STARTERS

· Duck Liver Parfait
· Tian of Cape Crayfish, Winelands Chevin and Tomato with Watercress Crème Fraiche

Duck Liver Parfait

Ingredients:
4 finely chopped onions
1 clove garlic – finely chopped
4 tots brandy
500g Duck livers livers
200g salted butter

Method:
Sauté onions and garlic. Add livers and sauté until light brown in colour. Remove from stove and flambé with brandy. Remove and turn into a strainer. Repeat until all the livers are done.

Blend the cooked livers until fine. Pass through a fine sieve.

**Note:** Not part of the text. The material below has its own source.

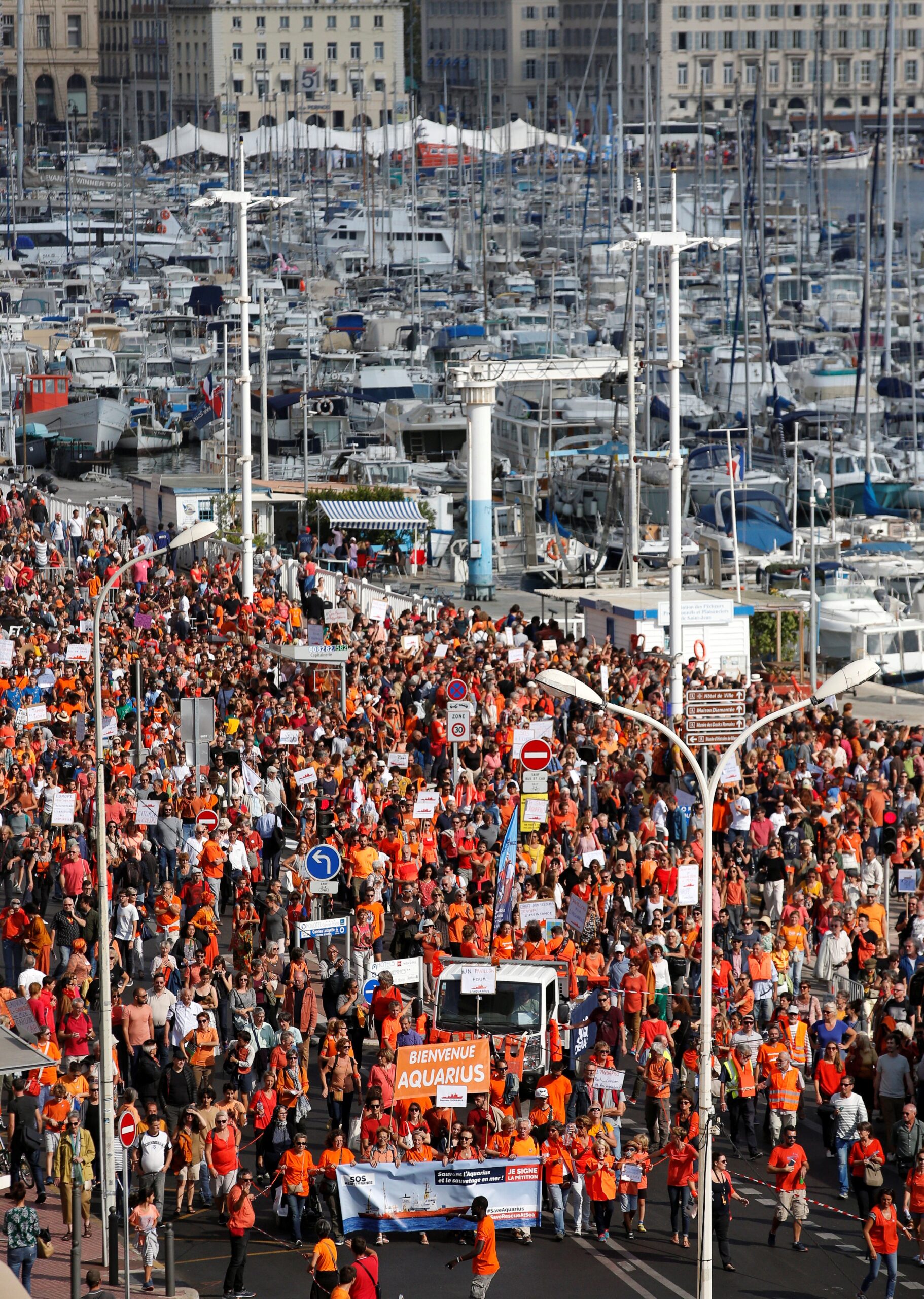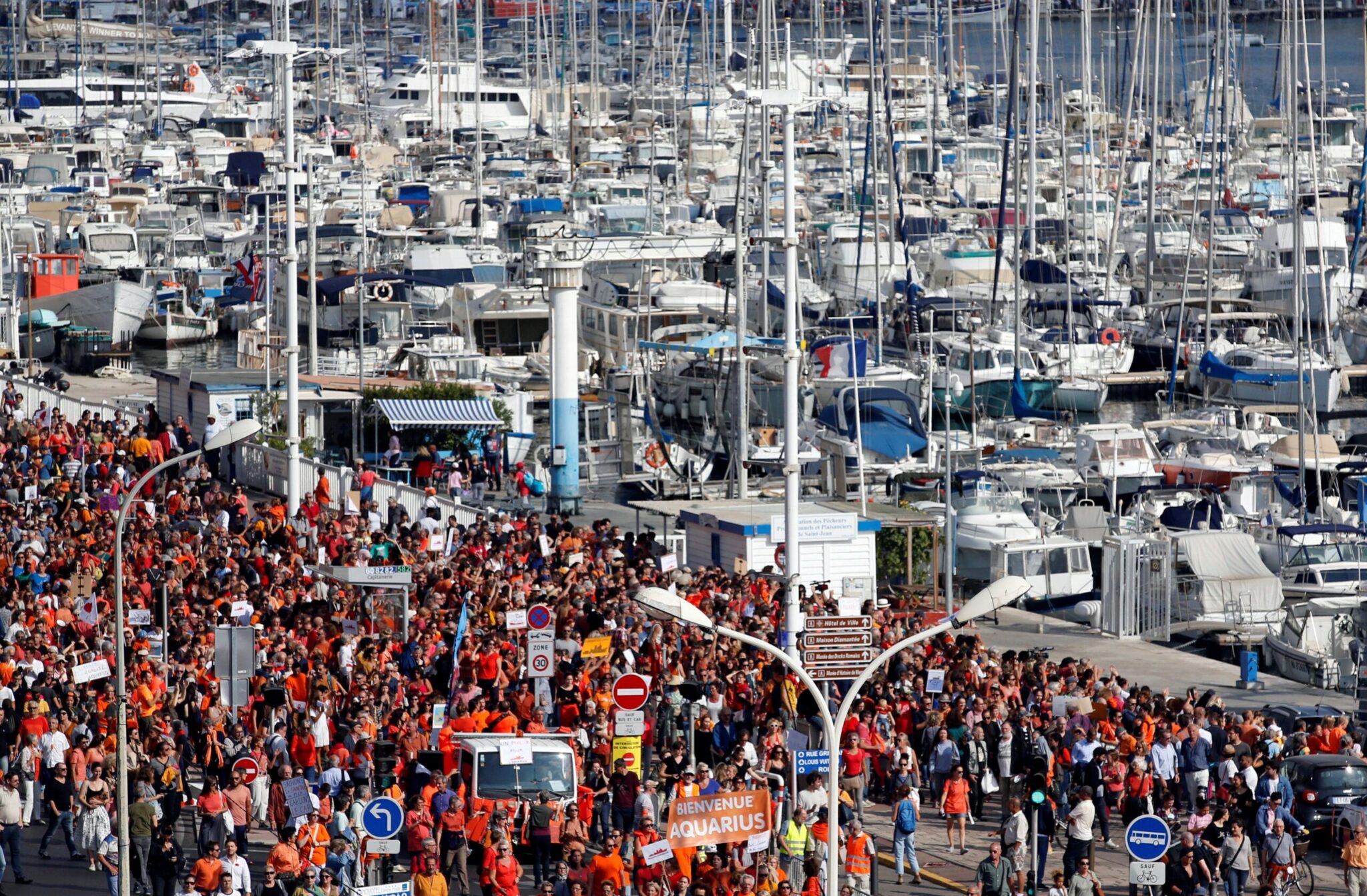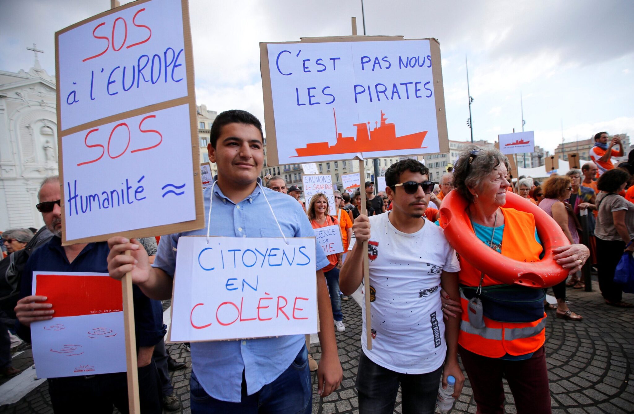 Στην Μασσαλία, έδρα της οργάνωσης, όπου είναι ελλιμενισμένο του Aquarius, 3.500 άνθρωποι συγκεντρώθηκαν στο Παλιό Λιμάνι, σύμφωνα με την αστυνομία.
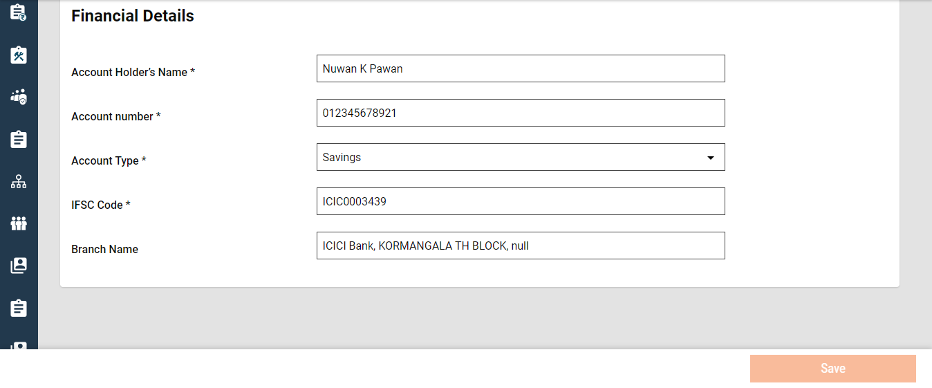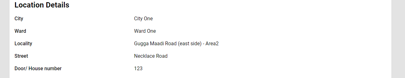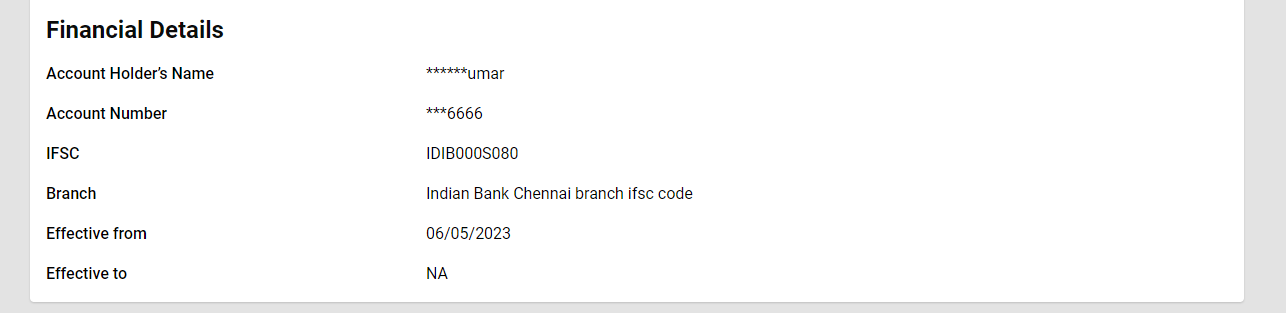 Once you have filled all details and clicked on Search, it displays the following details:

With a hand blender, slowly blend 2 blocks of butter into the livers until light in colour and creamy in texture. Season mould and refrigerate. Serve with Red currant jelly or beetroot marmalade and a glass of Ratafia.

 

Tian of Cape Crayfish, Winelands Chevin and Tomatoe with Watercress Creme Fraiche

Ingredients:
4 crayfish tails (poached in salted water with lemon)
250grm soft chevin cheese
4 tomatoes (peeled, seeded and diced)
20grm tomato paste
20 grm garlic
20grm ginger
80ml cream
40grm coriander
50grm chives
30grm baby lettuce leaves
20ml olive oil

Method:
Mix the chevin with the cream until smooth and add the herbs.Sweat the garlic and ginger in a little olive oil and add to the mix.
Pan fry the chopped tomatoes and add the coriander and tomato paste. Allow to cool.
Peel and slice the crayfish into medallions and arrange at the bottom of the mould.
Alternate layers of crayfish, cheese and tomato until the mould is full.
Allow to set in the fridge.
Sauce the plate first, take the tian out and top with baby leaves tossed in olive oil.

For the sauce:
50ml white wine
200ml fish stock
100ml cream
4 bunches watercress
2 apples, chopped
30grm garlic, chopped
1 onion, chopped

Sweat the onion, garlic and apple. Add the white wine, cream and fish stock and reduce by half.
Allow the sauce to cool and place in the blender. Add the watercress. Pass through a sieve and season to taste.